Sounds neat, let me ask permission first before I put company data into Google Sheets.
If your email is Google based , chances are your company already have plenty of its data on Googles services.
All five employers in my work history used Google Workspace / G-Suite. I wouldn't say it's uncommon.
Google sheets can also be thought of as a managed nosql DB with a built in management UI.
If you can do this one-way data dump, it sounds like a good idea. The issue starts when you have seven different sheets that is supposed to authoritatively control some other processes. The people writing in the spreadsheet can basically do any kind of mutation to the spreadsheet, so it will break extremely easily.
I recently made a full web app using only AppsScript and Google Sheets as the database, and wrote about it here [0], and open sourced it here [1]. It was a novel experience, but I felt particularly compelled by the idea of having a data store than non-devs can easily interact with while having a web app in front of it that didn't require a server to be set up. But, AppsScript is too slow for this kinda thing to be a nice experience. Zerosheets looks nice, and I'll investigate it further if I look into this idea again!

- [0] https://thetechenabler.substack.com/i/142898781/making-a-sim...

- [1] https://github.com/eeue56/simple-link-aggregator

> having a data store than non-devs can easily interact with while having a web app in front of it that didn't require a server to be set up

Isn't this one of the use cases for Airtable?

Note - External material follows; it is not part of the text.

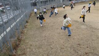 今回はふえおに(鬼がどんどん増えていくおにごっこ)をしました。寒い中でしたが、みんな楽しそうに追いかけていました。

Reading the documentation, I was expecting more tbh. As I found out there is no way to customize the API. The response is always a JSON dump of that google Sheet.
I found the docs pretty minimal as well. Ironic since they specifically called out Google for shallow docs in the description.
I used to use a Google Sheet to drive a restaurant website's menu page. It was perfect. The restaurant could update the spreadsheet whenever something changed, and it'd instantly be reflected on the web. If they ever messed something up, they could just revert.
A couple of weeks ago, I set up this exact thing for a restaurant. Simple and free. I had app script build the site on updates. So they could edit it any time, it would trigger a rebuild, and redeploy as a static site.
where was the site hosted? Is it available online for us to checkout ?
I set it up initially on Vercel, but now I use Firebase because I'm sure it'll be cheaper in the long run.
This looks great. I tried doing it myself a while back using existing client libraries for Python and was surprised how annoying the setup is, like the spreadsheet auth in particular.

I'm also surprised Google hasn't tried to kill this use-case. That's my main hesitation for using it on anything semi-serious.

Are Fortune, The Weather Channel, Fast Company, and National Geographic really your customers?
I had this same question. Also, are "developers all over the world" "happily using Zero Sheets"?

Based on OPs description, I wonder if this company was spun up while already doing business with those companies.

There are far more startups/products using that tagline of "used by developers all over the world"/"used by $x company" than our industry seems to want to admit.
Usually what this means is some small little team within those companies either signed up for a trial (using their @fortune.com email address) or they use it for some small little project. Pretty common marketing technique for startups. Not totally honest, but not totally false.